Revisiting org.xmpp.packet.*

I would like to start the discussion surround how messengers org.xmpp.packet implementation could be unified (between smack and messenger) and made pluggable in context of this project.

This url http://www.jivesoftware.org/community/thread.jspa?threadID=15708&tstart=0&messa geID=103277#103277thread[/url] raises the issue and this url http://www.jivesoftware.org/community/message.jspa?messageID=104915post[/url] brings up the desire to investigate alternatives to text based xml.

Dom4j is the current implementation, but lacks the standard interface that would allow it to “swapped” out. DOM/SAX/StAX are all standard interface in JavaSE 5 so they provide a plugin point. Nux/bnux doesn’'t support these interfaces, but does support XQuery. This brings an interesting point. We could interface the XMPP packet stanzas as XQuery paths and let the best implementation be the default provider.

Performance is definitely the deciding factor so benchmarking and a framework/test harness to reproduce the results should also be generated.

What do you think?

Noah

Just to clarify my understanding

  • Smack - a XMPP client side library, uses an xml pull parser and a simple utility class to convert the parsed stanzas into Packet (Message etc) objects.
  • Whack - a XMPP component library, uses an xml pull parser, dom4j and org.xmpp.packet classes Packet (Message etc) to wrap the dom4j
  • Messenger - uses org.xmpp.packet classes from Whack throughout its code base.

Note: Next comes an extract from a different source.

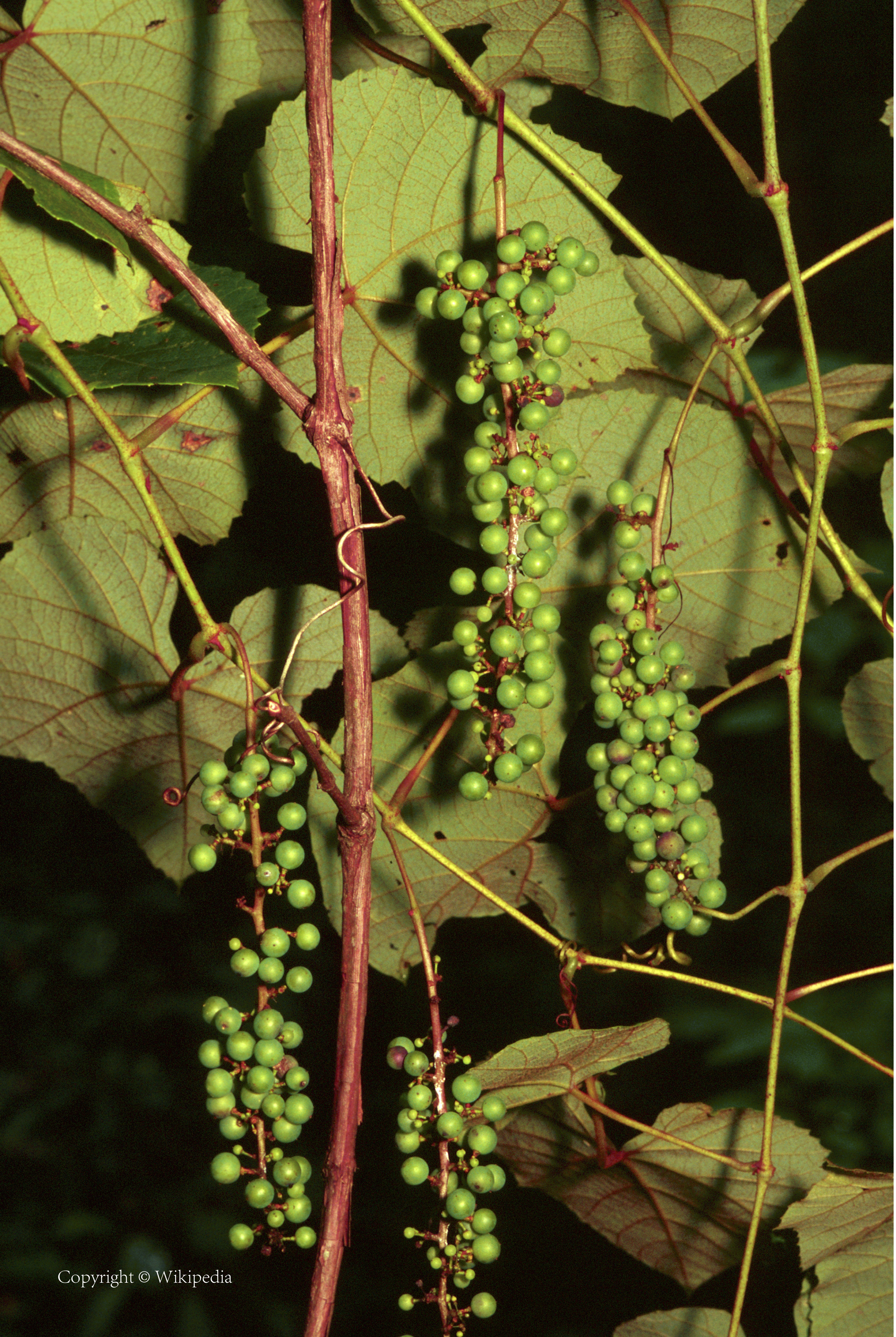 Plants high climbing, sparsely branched. Branches: bark exfoliating in shreds; nodal diaphragms 1–4 mm thick; branchlets terete, tomentose, arachnoid-floccose, or glabrous, growing tips not enveloped by unfolding leaves; tendrils along length of branchlets, persistent, tendrils (or inflorescences) at only 2 consecutive nodes; nodes not red-banded. Leaves: stipules 1–4 mm; petiole ± equaling blade; blade cordate to orbiculate, 7–25 cm, unlobed to 3-shouldered or 3–5-lobed, sometimes deeply so, apex acute to short acuminate, abaxial surface glaucous, ± arachnoid or floccose, visible through hairs, hairs usually rusty, sometimes whitish, veins and vein axils sometimes hirtellous, adaxial surface glabrous or puberulent. Inflorescences 7–20 cm. Flowers functionally unisexual. Berries black, glaucous, globose, 8–20 mm diam., skin separating from pulp; lenticels absent.

We are now talking about how to achieve pluggability in the org.xmpp.packet classes to swap in other xml processing techniques such as nux etc. Please correct me if I have missed the point.

The common ground would appear to be XPath - dom4j supports it and as its a subset of XQuery it should be usable for nux aswell. The stanzas are well known so it should be possible to set up a simple trial and benchmark to see what the performances are like. Would also be a nice opportunity to start having a look at the wire formats outside the box.

However it looks like either org.xmpp.packet must become a pure interface/abstract package or a higher level representation is needed in JM, simply because out of the box we need to support the existing plain text wire format. The alternative is to convert existing plain text wire format to the new CM<->JM wire format in memory at JM to keep everything working as is. Or?

Agreed that performance is the key, should tests must use streaming to simulate real thing or are you thinking of looking at file reading/writing. Also would like to see memory usage stats. This will also be important for the production server.

Conor.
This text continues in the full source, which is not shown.